Hi peeps, I'm hopefully getting a double garage built in my back garden soon. I've never had this kind of work done before so any help would be great. I'm off to my council office this morning to pick up any info that will guide me. (If planning permission is needed etc) 

Ideally it would be built in similar bricks to the bungalow, possibly flat roof but unsure atm. 

How much would I be looking at roughly? It's into a slight bank so would need a digger etc. 

Any help would be fab! 

Cheers


----------



## Tricky Red (Mar 3, 2007)

£15,000 ??


----------



## Plane (Sep 1, 2008)

I build 40ft x 27ft with block, tiled roof and used steel to carry the roof so it's open inside to allow the use of a lift. 
Double glazing, remote door and a mezzanine level. 
I spend ~€22k
Could have done it a lot cheaper with a cladding roof, would have saved on both steel (~€4k I think), timber and tiles.


----------



## adlem (Jul 6, 2008)

Should be able to do it for about £15k, that's what I've budgeted when I do the same out the back of my bungalow.

Please avoid a flat roof though, I'd always recommend a pitched roof


----------



## ivor (Sep 24, 2008)

depends how fussy you ref the brick matching I went for a pre cast concrete which involved me getting a level base laid then they turned up and put it up in roughly 5hrs for an 10 X 8mtr garage and all in it came to 10k


----------



## moxy89 (Oct 9, 2009)

Most of the money is in the ground, the footings being dug and the concrete, also you have to consider the removal of the rubbish.
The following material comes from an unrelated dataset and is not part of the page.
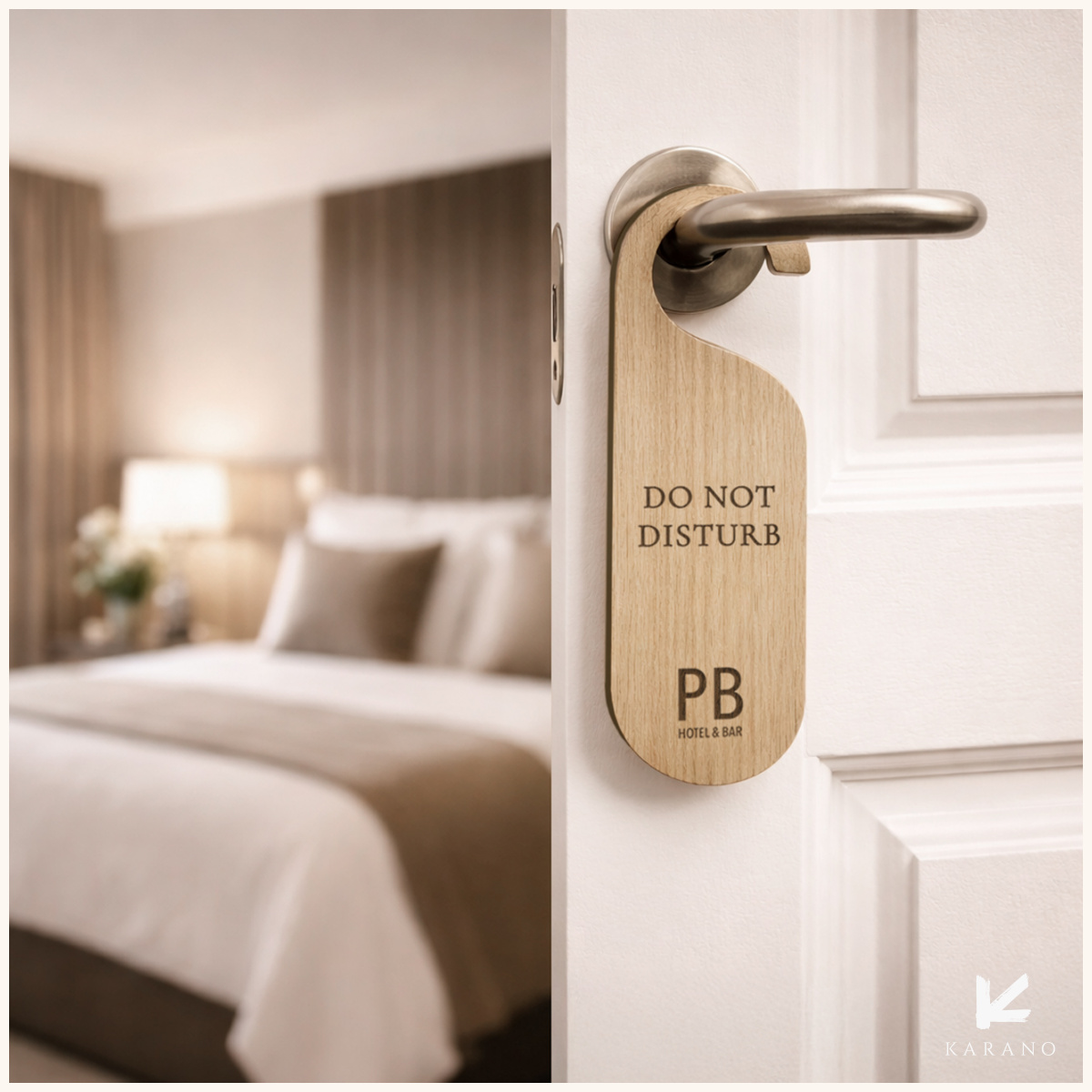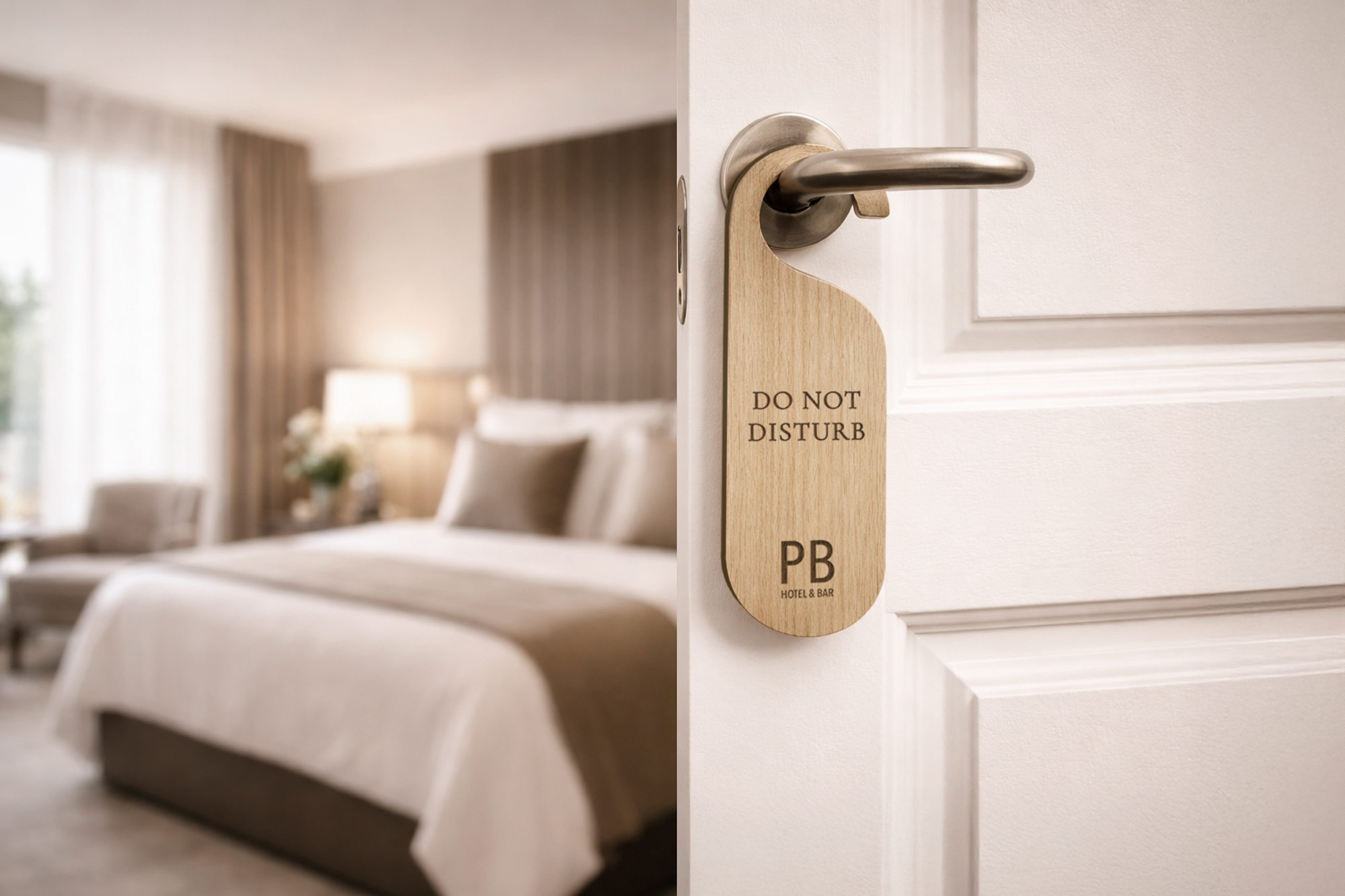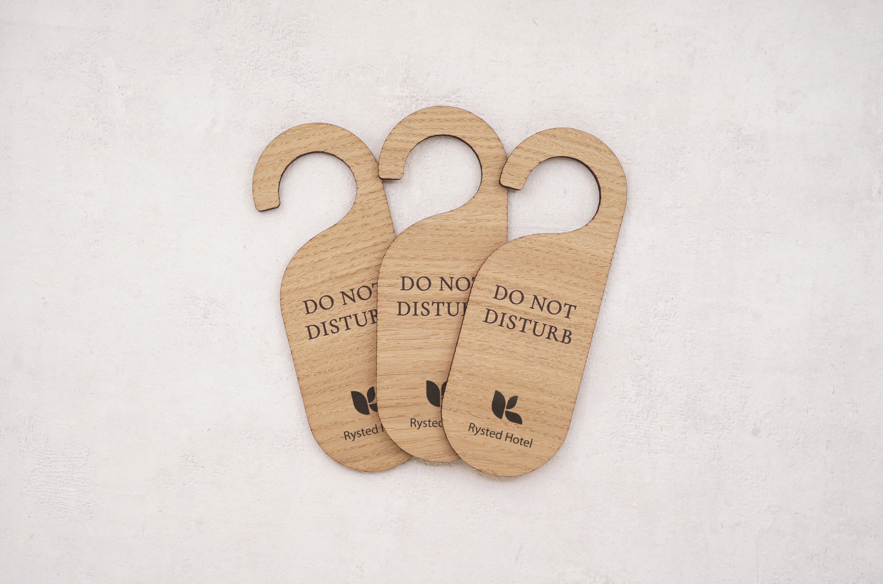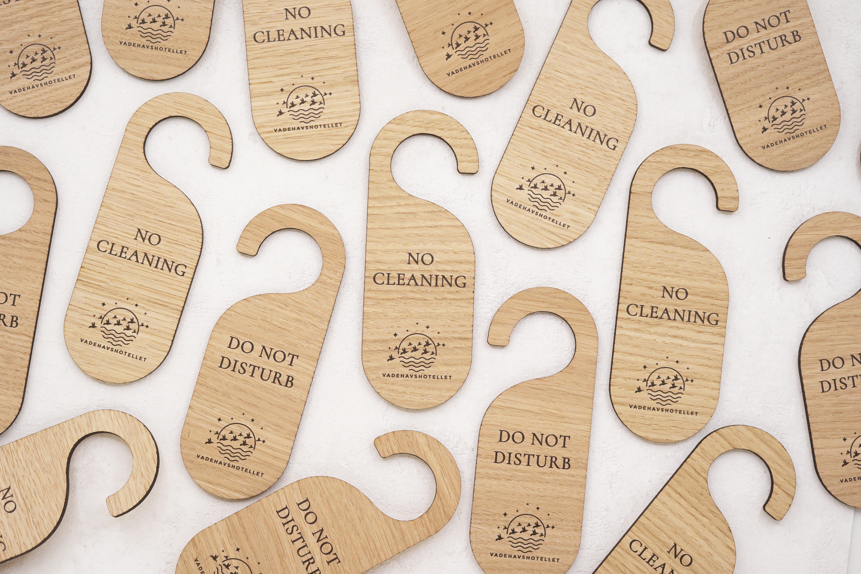 Dørhængere i træ med valgfri tekst og mulighed for logo, hvis det ønskes. Denne elegante og holdbare dørhænger tilføjer et professionelt præg til f.eks. hotelværelser, mødelokaler eller til kontoret.

Skips and grab lorries are expensive. I all depends on what you are after, pitch roof ? Or flat roof? Concrete blocks or blocks and bricks, it's all done to spec, last one I built was over 37k


----------



## V6dan (Feb 7, 2014)

there is a lot of variables to take into consideration and itll be hard to guess a price without knowing what your after. iv just finished a double garage which will cost the bloke well under 15k but a couple of years ago i built one that would of cost over 30. also materials and wages vary in different areas, dont be put of by flat roofs the new fibreglass ones are expensive but are guaranteed for 25-30 years if you use approved contractors that said a pitched roof looks much nicer imo.


----------



## ESPEC (Jul 12, 2014)

Man I would love a double garage! Seen some custom built as much as £45k plus .


----------



## Fizzleh (Apr 2, 2014)

I think most the cost is the door itself, depending on how fancy you want it (assuming you have the planning permission)


----------